Cheese is going to fall under another group than milk (at least in Texas) so you need to start with your State and County Health Department guidelines and find out what is required, then go from there. Only you will know how much money and time it will take to get your facility up to code.

If you make it, "they" will buy it! :biggrin


----------



## nightskyfarm

NavyWife53108 said:


> I've read that you have to be classified a "Class A Dairy" to sell milk products for consumption. Does this mean that whether you are selling a gallon of milk or a bowl of ice cream, you need to follow the same guidelines? In the future, my husband and I would like to try selling dairy products, not necessarily gallons of milk, rather cheesecake, cheese, etc. Is there a link that I can view to read all about what we need to do? From your experience, is it worth the time and money required to set up? I don't want to spend all kinds of money getting my facility up to code only to realize no one will buy my stuff! :help2


Unfortunately, the dairy business in most states is set up to the point that one cannot just "test" the waters. You either go Grade A or do goat/cow shares and produce "illegal" cheese. Depending on where you live determines the start up costs because the regulations are different state to state. I am not under any county regulation only state. Even producing items such as cheesecake can demand a commercial kitchen and of course, using ingredients that are pasteurized if it is milk and fresh cheese. That can be an issue if you want to use the milk your farm produces, then you need the certification of Grade A or B and you would need the facilities to pasteurize your milk according to the regulations. Again, those do not allow for home category pasteurizers and that is your biggest expense. It is complicated. Your first step, as Michelle said should be your state's Dairy Agency for info. A great deal of what you need to do will be determined by what you already have in place to meet that end.

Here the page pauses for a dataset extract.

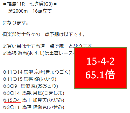 個人的に最近のイチオシである一点的中倶楽部ですが、先週は不的中だったものの今週は七夕賞にて馬連65.1倍を的中させています!

From my experience it is worth all my efforts. It has not been an easy road, but now over 2 years into this business our sales have increased 4 fold since January 2010. I would do it again; I LOVE what I do! We are processing over 160 gallons of milk each week. I am still considered small-scale if I do not pasteurize over 50 gallons per day. I do pasteurize nearly every day. My dairy produces fresh cow and goat cheeses, soap and chevon in the Fall, packaged USDA and sold out of my freezers. All my whey is recycled to feed a friend's piggies and I receive packaged pork! That's a good deal. If it is truly what you want, it can be very rewarding.


----------



## hsmomof4

Bear in mind, though, that in most states, if you are going to do a Grade A dairy, you are talking about a lot of goats, relatively speaking, to make that pay for itself. Not sure what the break even point is for most, but as you can see from Jennifer's signature line, she is milking 50 goats. That's not a bad thing, but it is much different from milking 3 or 6 or even 10 goats. 

I also wanted to add that if your husband is still active duty (assuming here, based on "NavyWife"...I'm an Army wife, myself) and you will still be moving around, you will probably need to wait until he retires and/or you will be staying put. The cost of building a Grade A dairy facility can be pretty substantial, and then, if you are going to be making cheeses or other products with your milk, you can add a Commercial Kitchen to the expenses, in most places.


----------



## NavyWife53108

He's transitioning into Reserves now, so we are going to be permanent.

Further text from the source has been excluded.